━━━━━ Information provided ━━━━━

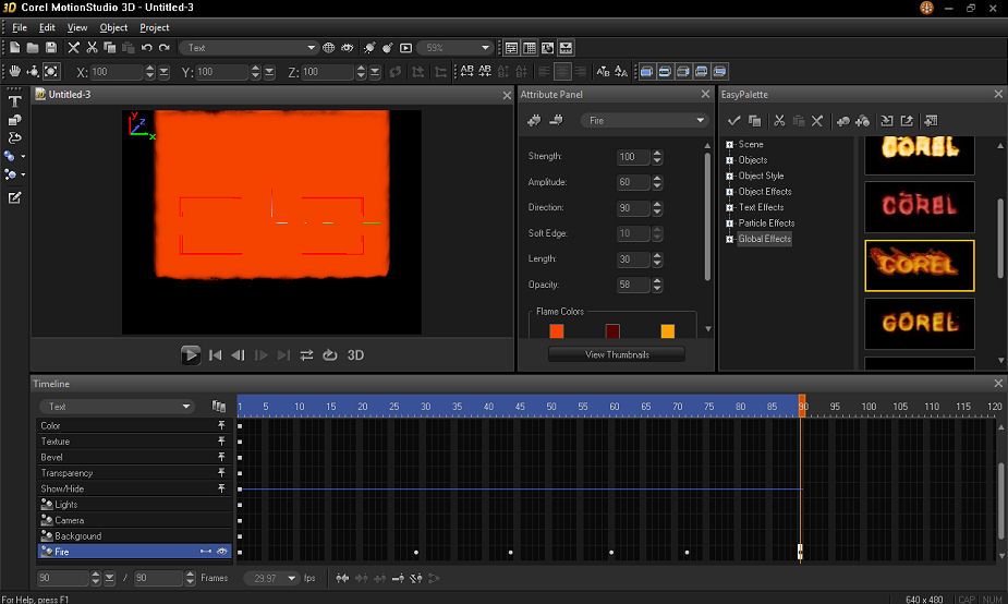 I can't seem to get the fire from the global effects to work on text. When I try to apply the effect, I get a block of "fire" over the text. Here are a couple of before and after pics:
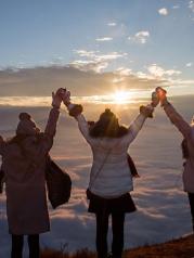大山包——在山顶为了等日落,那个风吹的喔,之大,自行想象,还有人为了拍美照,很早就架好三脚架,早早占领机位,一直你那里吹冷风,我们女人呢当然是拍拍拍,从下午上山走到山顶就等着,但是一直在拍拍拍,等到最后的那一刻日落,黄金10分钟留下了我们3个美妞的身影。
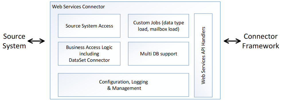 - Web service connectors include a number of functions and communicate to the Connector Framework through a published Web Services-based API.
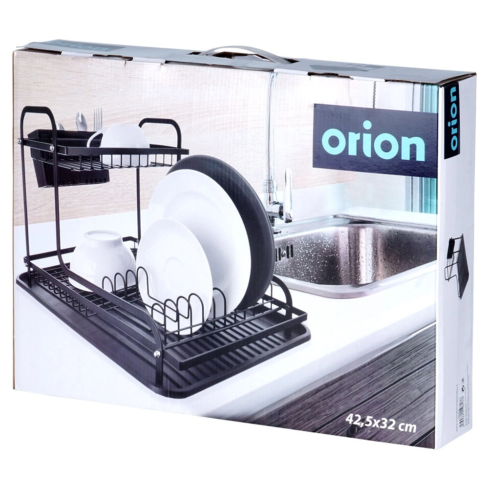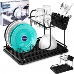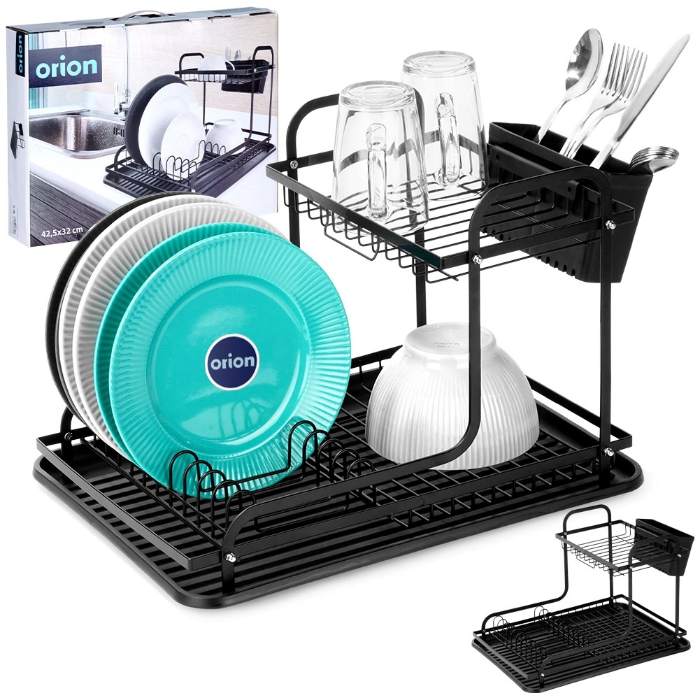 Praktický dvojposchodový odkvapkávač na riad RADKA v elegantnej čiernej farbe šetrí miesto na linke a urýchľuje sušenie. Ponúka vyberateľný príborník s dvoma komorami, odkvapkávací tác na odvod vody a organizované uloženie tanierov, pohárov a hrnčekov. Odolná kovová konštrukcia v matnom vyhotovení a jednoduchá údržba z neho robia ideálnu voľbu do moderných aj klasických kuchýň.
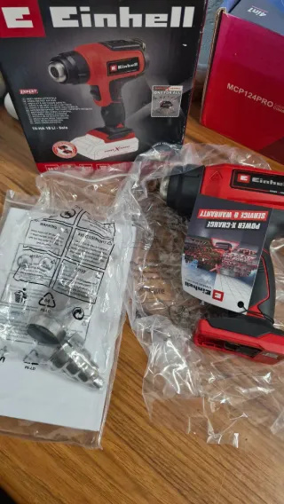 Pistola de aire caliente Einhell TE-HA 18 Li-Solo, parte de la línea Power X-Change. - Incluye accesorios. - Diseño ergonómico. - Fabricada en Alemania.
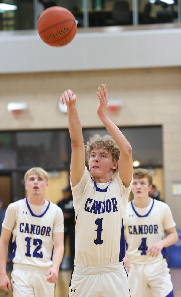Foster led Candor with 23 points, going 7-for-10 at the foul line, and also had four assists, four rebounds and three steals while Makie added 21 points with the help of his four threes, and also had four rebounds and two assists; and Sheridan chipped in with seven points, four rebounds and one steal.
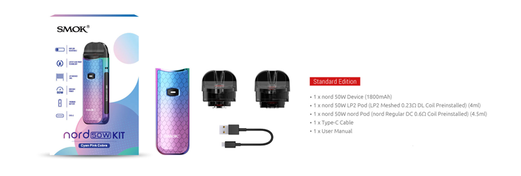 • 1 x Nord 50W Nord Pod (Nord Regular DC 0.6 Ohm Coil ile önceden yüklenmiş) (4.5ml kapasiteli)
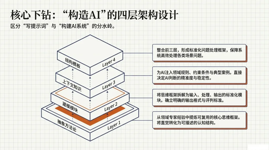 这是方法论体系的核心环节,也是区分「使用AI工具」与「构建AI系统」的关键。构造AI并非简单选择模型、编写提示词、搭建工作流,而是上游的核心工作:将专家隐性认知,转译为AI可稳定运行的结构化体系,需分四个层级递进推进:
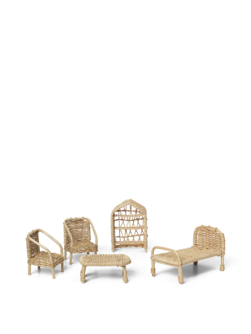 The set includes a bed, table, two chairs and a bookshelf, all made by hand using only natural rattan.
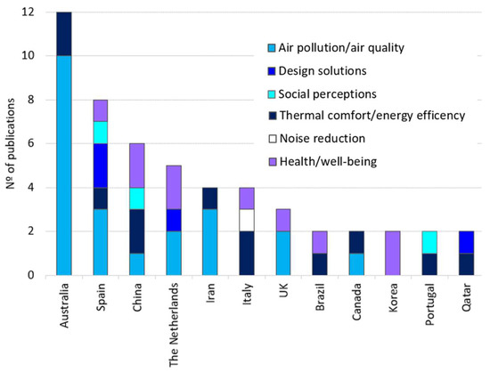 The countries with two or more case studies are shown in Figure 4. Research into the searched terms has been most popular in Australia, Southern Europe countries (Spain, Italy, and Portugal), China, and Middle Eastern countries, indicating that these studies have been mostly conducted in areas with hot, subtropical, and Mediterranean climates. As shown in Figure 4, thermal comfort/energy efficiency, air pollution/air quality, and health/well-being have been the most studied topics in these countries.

━━━━━

> [Your goal]: Repeat exactly the lines from the one containing "yüklenmiş) (4.5ml kapasiteli)" to the last line of the records above, including both, and leave out any pictures.

> [Solution for this task]:
 • 1 x Nord 50W Nord Pod (Nord Regular DC 0.6 Ohm Coil ile önceden yüklenmiş) (4.5ml kapasiteli)
 这是方法论体系的核心环节,也是区分「使用AI工具」与「构建AI系统」的关键。构造AI并非简单选择模型、编写提示词、搭建工作流,而是上游的核心工作:将专家隐性认知,转译为AI可稳定运行的结构化体系,需分四个层级递进推进:
 The set includes a bed, table, two chairs and a bookshelf, all made by hand using only natural rattan.
 The countries with two or more case studies are shown in Figure 4. Research into the searched terms has been most popular in Australia, Southern Europe countries (Spain, Italy, and Portugal), China, and Middle Eastern countries, indicating that these studies have been mostly conducted in areas with hot, subtropical, and Mediterranean climates. As shown in Figure 4, thermal comfort/energy efficiency, air pollution/air quality, and health/well-being have been the most studied topics in these countries.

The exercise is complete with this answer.